Logistic Regression: Mean Accuracy = 84.00% - SD Accuracy = 6.24%
K Nearest Neighbor: Mean Accuracy = 91.25% - SD Accuracy = 5.15%
Kernel SVM: Mean Accuracy = 90.75% - SD Accuracy = 4.88%
Naive Bayes: Mean Accuracy = 88.75% - SD Accuracy = 5.15%
Decision Tree: Mean Accuracy = 85.75% - SD Accuracy = 5.71%
Random Forest: Mean Accuracy = 89.25% - SD Accuracy = 4.48%


## **Confusion Matrix**

It can be used to find the number of correct and incorrect entries.

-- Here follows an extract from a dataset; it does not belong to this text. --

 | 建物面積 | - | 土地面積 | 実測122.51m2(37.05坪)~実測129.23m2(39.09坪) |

*   If an individual has not purchased an iPhone and the expected value states that they have not purchased, it is a true negative (TN), i.e., the actual value is 0 and the predicted value is also 0.

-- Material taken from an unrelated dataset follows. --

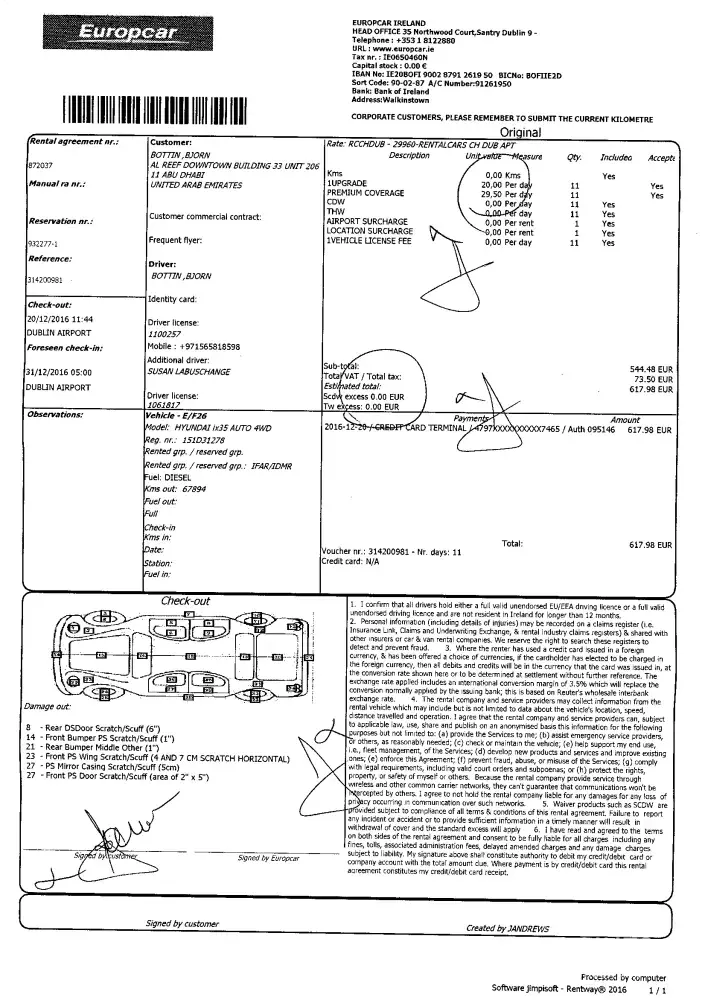 Europe Car rental agreement nr: 872037 Reference: [protected]

*   If an individual has not purchased an iPhone but the expected value states that they have, it is a false positive (FP), i.e., the actual value is 0 and the value expected is 1.

*   If an individual has purchased an iPhone but the expected value states that they have not, it is a false negative (FN), i.e., the real value is 1 and the value expected is 0.

*   If an individual has purchased an iPhone and the expected value also says that they have purchased it is True Positive (TP), i.e., the actual value is 1 and the predicted value is also 1.

**Accuracy score:** This is the most common metric that is used to verify model accuracy. In other words, it is the proportion of the overall number of accurate predictions to the total number of predictions.

**Accuracy score = (TP+TN)/(TP+TN+FP+FN)**

**Recall score:** It is the proportion of positive incidents that we correctly expected. 

**Recall score = TP/(TP+FN)**

**Precision score:** This is the proportion of positive outcomes expected that are currently positive. 

**Precision score = TP/(TP+FP)**





In [50]:
# Ensure we have the best model from the Random Forest GridSearchCV
from sklearn.ensemble import RandomForestClassifier
from sklearn.model_selection import GridSearchCV

# Define Random Forest and parameter grid
rf = RandomForestClassifier()
param_grid = {
    'n_estimators': [100, 200],
    'max_features': ['sqrt', 'log2'],
    'max_depth': [None, 10, 20],
    'min_samples_split': [2, 5],
    'min_samples_leaf': [1, 4],
    'bootstrap': [True, False]
}

# Perform grid search (using a smaller parameter grid for faster execution)
grid_search = GridSearchCV(estimator=rf, param_grid=param_grid, cv=3, scoring='accuracy', n_jobs=-1)
grid_search.fit(X_train, y_train)

# Get the best model
best_model = grid_search.best_estimator_
print(f"Best parameters: {grid_search.best_params_}")
print(f"Best cross-validation score: {grid_search.best_score_:.4f}")

In [51]:
y_pred = best_model.predict(X_test)

In [53]:
# Step 7 - Confusion matrix
from sklearn import metrics
cm = metrics.confusion_matrix(y_test, y_pred) 
print("Confusion Matrix:\n",cm)
accuracy = metrics.accuracy_score(y_test, y_pred) 
print("Accuracy score:",accuracy)
precision = metrics.precision_score(y_test, y_pred) 
print("Precision score:",precision)
recall = metrics.recall_score(y_test, y_pred) 
print("Recall score:",recall)


Confusion Matrix:
 [[30  2]
 [ 1  7]]
Accuracy score: 0.925
Precision score: 0.7777777777777778
Recall score: 0.875


### **Conclusion**

From the results, we can see that KNN and Kernel SVM have done better than the others for this particular dataset. So, we will shortlist these two for this project. This is precisely the same result that we arrived at by independently applying each of those algorithms.